President Don M. Randel discusses the University’s
particular responsibility when it comes to nuclear energy.
Where were you on August 14, 2003? It was
the day of the blackout, and although that date itself may not be
graven in our memories like at least one other of the past two years,
the day’s events will be remembered as having shaped our national
consciousness. Even those of us who were never without power on
that day now think somewhat differently about some crucial features
of everyday life that we had perhaps thought we could take for granted.
Where was the University that day? Fortunately,
the University community and the city never lost power. But as an
institution we have a long history of involvement with issues at
the heart of the nation’s and the world’s energy needs.
And the blackout of 2003 reminded us of the importance of research
and of thinking about what the nation’s energy policy ought
to be.
Enrico Fermi and others at Chicago brought into
being the possibility of human uses of nuclear energy, and through
its management of the Argonne National Laboratory, Chicago has been
engaged in research into the peaceful uses of nuclear energy ever
since.

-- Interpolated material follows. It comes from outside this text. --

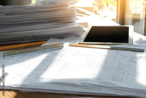 Realistic candid photo of construction blueprints, a digital tablet, and a ruler on a civil engineer’s desk, symbolizing the careful organization required for project management. The bright, happy

Politics and special interests have seriously complicated
the history of nuclear energy, and those complications persist.
But the University’s role continues to be guided by the principles
that govern virtually everything that we do: a belief that knowing
is better than not knowing and that the highest quality of scientific
research ought to be the basis for making important public-policy
decisions—in medicine, foreign policy, urban affairs, energy,
or any domain in which society’s long-term welfare is at stake.

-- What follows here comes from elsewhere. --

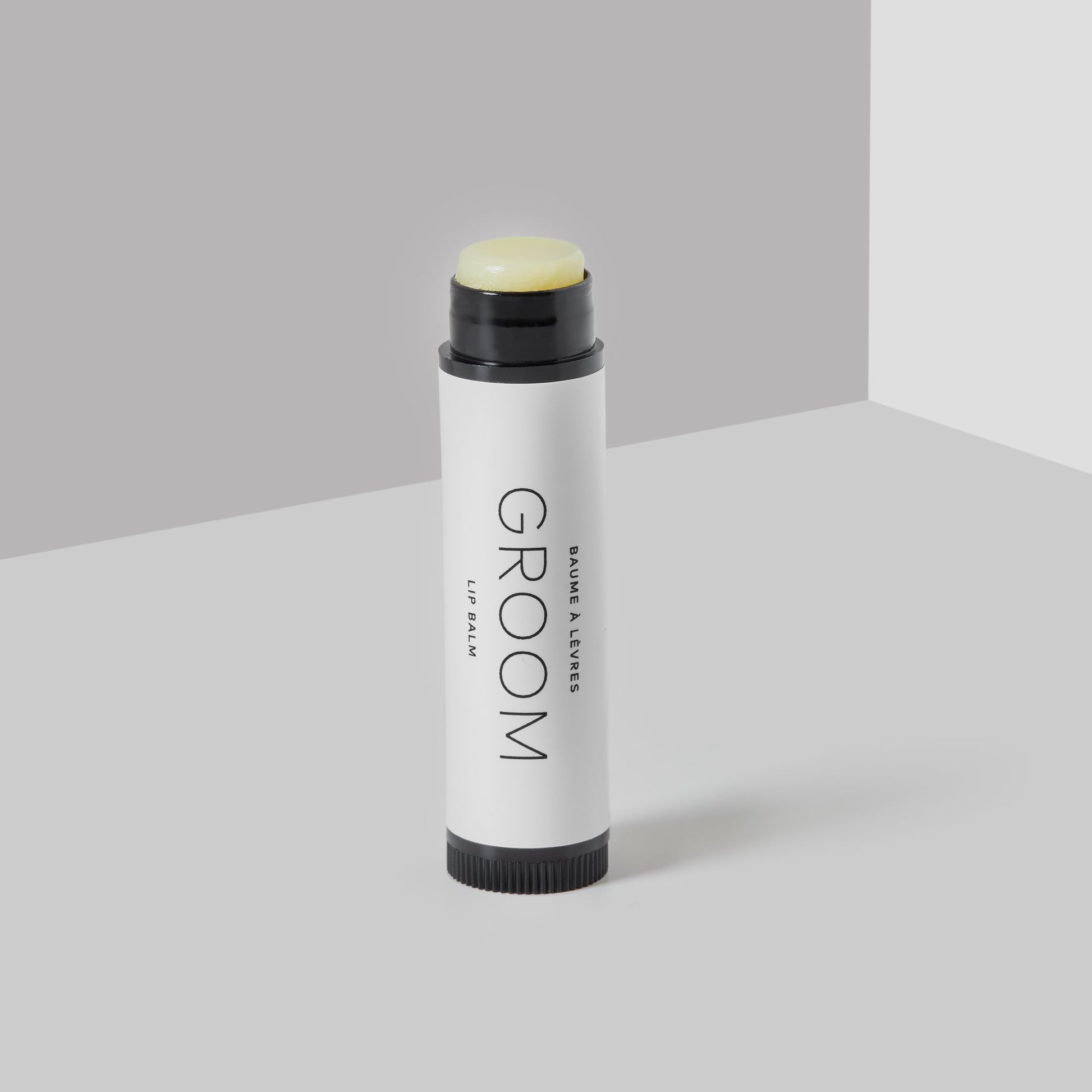 Le baume à lèvres Groom protège du soleil et du vent tout en offrant un fini mat. Sa formulation est prévue pour une application régulière dans un tube à molette composé à 35 % de plastique recyclé postconsommation.

Perhaps because we attended its birth, we have a particular responsibility
in relation to nuclear energy. Perhaps also we have a moral responsibility
to bring to bear our values on an important and complicated set
of issues.
What are those issues? Energy ultimately underlies
all of the world’s material problems. Without adequate supplies,
it will not be possible to feed or clothe or house the world’s
growing population, much less raise its standard of living and improve
its health and quality of life. We can make reasonable estimates
of what the demand will be. But we also know that current methods
of producing energy cannot satisfy this demand without intolerable
side effects.
The world’s scientific community now understands
that we cannot continue to produce carbon dioxide at present rates,
let alone at the rates implied by burning enough fossil fuel to
satisfy the growing energy demand. Nor can we tolerate the volume
and character of the waste products of current nuclear technologies.

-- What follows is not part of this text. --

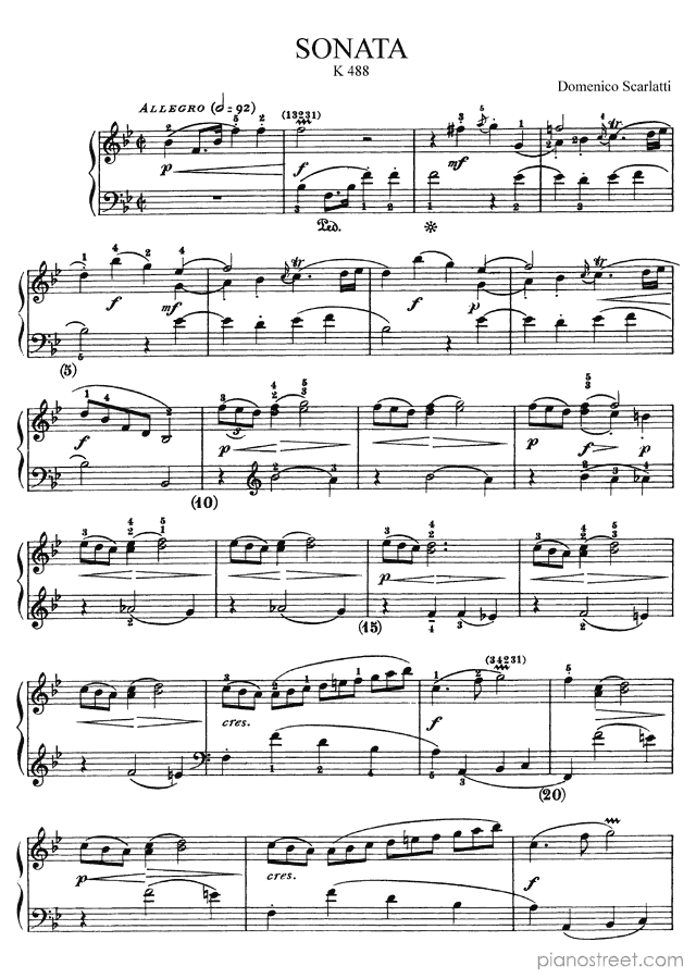 Downloadable piano sheet music from Sonatas by Domenico Scarlatti to print: Sonata K. 488 in B-flat Major

The Yucca Mountain repository, over which there has been so much
debate, will be entirely filled by existing waste. Absent a fundamental
change, the nation will need a new Yucca Mountain every ten years
or so, and we do not know how such repositories will perform over
the thousands of years in which their contents will remain dangerous.
We also must remain deeply concerned about nuclear
nonproliferation. We must destroy the thousands of tons of weapons-grade
plutonium now distributed around the world, preferably by converting
them into some of the energy that the world needs. And we must inhibit
to the extent possible the production of more such material as well
as materials that could be used in “dirty” bombs.
Renewable sources of energy, such as wind or
biologically based methods, are not capable of meeting the demand,
although we must continue to pursue them. Indeed, some biological
sources produce more carbon dioxide. Thermonuclear fusion will not
be available to help meet demand for a very long time. Neither will
the imagined hydrogen economy solve these problems on anything like
the necessary timescale: current methods of producing hydrogen also
produce carbon dioxide. And the nation is far from having a hydrogen
distribution system that could supplant the system in place for
natural gas and petroleum products.
Absent a willingness to enforce a worldwide divide
among the energy haves and have-nots, there is no solution to the
energy problem that does not include a nuclear component. But we
cannot tolerate existing nuclear technologies either. The scientists
at Argonne are the best equipped in the world to do the research
that can provide solutions that are tolerable in terms of both the
environment and nonproliferation. But this requires a national investment
in fundamental research that takes the long view, unconstrained
by short-term financial interests.
As a nation, we have not been good at taking
such a view. But the stakes are now much higher. In this context
an assertion of Chicago’s values is profoundly important.
At a minimum we have an obligation to help create options before
other nations and other interests foreclose them. At best, we might,
by pursuing our long-standing principles of intellectual inquiry,
produce for the nation and the world the ideas that could reconcile
needs and interests that have largely seemed irreconcilable. Let
us hope that the federal government will understand this and act
accordingly.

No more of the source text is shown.